On Tuesday, De Lille launched the “Know your Community, Know your Contractor” campaign saying the city has realised that it has to communicate with residents to know whether they are getting proper services and if contractors are providing the service the city pays them for.

This comes a month after Khayelitsha residents highlighted the dismal state of chemical toilets and the failure of Mshengu Services to maintain the toilets according to its R140 million contract with the city.

De Lille said the city, as part of its efforts to be a caring city, had to be responsive to the needs of people and would open all channels of communication so that residents could lodge complaints when services were not being delivered.

She said the city had installed 70 FreeCall Lines which residents could use to lodge complaints in disadvantaged areas and would install 20 more FreeCall lines by July.

De Lille said she would embark on a series of public meetings to inform residents who the service providers were, what level of cleanliness the city expected and what channels residents could follow to lodge claims.

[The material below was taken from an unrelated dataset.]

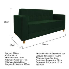 Muito além de decorar um ambiente, na atualidade, poltronas ocupam um lugar de destaque nos mais diversos lares, pois, geralmente transmitem o que há de mais singular na personalidade de quem as escolhe. Com o Sofá Denver, essa singularidade é expressa através de sofisticação, qualidade e bom gosto! Projetado para atender sua expectativa, apresentando estilo clássico, sem deixar de ser moderno, o Sofá Denver foi feito para você que preza conforto e bem estar, além de requinte e distinção. Não perca essa oportunidade e adquira já o seu! Especificações Técnicas do Sofá Denver: - Altura: 85 cm; - Largura: 180 cm; - Profundidade: 75 cm; - Altura do Assento: 47 cm; - Altura do Braço: 67 cm; - Largura do Assento: 150 cm; - Profundidade do Assento: 52 cm; - Largura do Encosto: 150 cm; - Altura do Encosto: 42 cm; - Espessura do Assento: 21 cm; - Espessura do Encosto: 16 cm; - Altura do Pé: 10 cm. - Peso: 35 kg. - Peso Suportado: 240 kg. Diferenciais do Sofá Denver: - Material da Estrutura: fabricado com Madeira Pinus e Eucalipto Reflorestada, e alguns detalhes em MDF; - Tipo de Assento: estofado e com espuma de densidade D-26; - Tipo de Encosto: estofado e com espuma de densidade D-18; - Detalhes dos Pés: acompanha kit de pés (4 pés) de madeira, no estilo quadrado na cor mel, com alta resistência; - Volumes: nessa compra você receberá um único produto. Recomendações de limpeza: -Limpar com flanela limpa e seca. Não molhar o móvel e não expor em lugar úmido ou próximo de fontes de calor. Não usar produtos abrasivos. Observações Importantes: - As imagens ambientadas são meramente ilustrativas e podem apresentar itens que não compõe o produto; - Objetos decorativos que aparecem na foto não acompanham o produto; - As cores do produto podem variar de acordo com o monitor, a iluminação do ambiente, ou sua percepção visual; - o Sofá Denver chegará desmontado para você, bastando rosquear os pés; - Confira as dimensões antes da compra e certifique-se de que o produto passará por elevadores, portas e corredores, já que nossa não inclui a subida de lances de escada, ou o de produtos; - Ao receber seus produtos, verifique no ato do qualquer dano na embalagem. Caso tenha alguma , favor não assinar o de (A transportadora tem obrigação de esperar a conferência); - Produto para uso residencial em ambiente interno, não devendo ficar exposto diretamente ao sol, calor e umidades excessivas.

“The campaign is aimed at informing residents living in informal settlements about their rights and obligations related to city services they receive,” De Lille said.

She said the city had systems in place to monitor its contractors such as spot checks, inspections between the city and the contractor, community workers to assist with monitoring service provision, janitors, crosschecking invoices and monitoring and measuring waste drop-offs at the designated points.

“However we cannot be in all places at all times. We rely on communities being the eyes and ears of the city, helping us to identify any shortcomings on behalf of the community,” she said.

While it is the city’s duty to provide services and to monitor the contractors, De Lille said residents also had to keep their neighbourhoods clean and in a healthy state. For this financial year alone, she said the city spent R13.9m on repairing water and sanitation infrastructure damaged by vandals.

De Lille will hold eight public meetings which started last night in Block 6, Philippi.

Next week, she will hold meetings with residents in Gugulethu, Khayelitsha, Dunoon, Imizamo Yethu, The Heights, Freedom Farm and Malawi Camp.

“A critical aspect to this campaign is to remind communities that if they have exhausted all communication channels to the city, they must make use of their councillor about aspects of delivery that require attention,” De Lille said.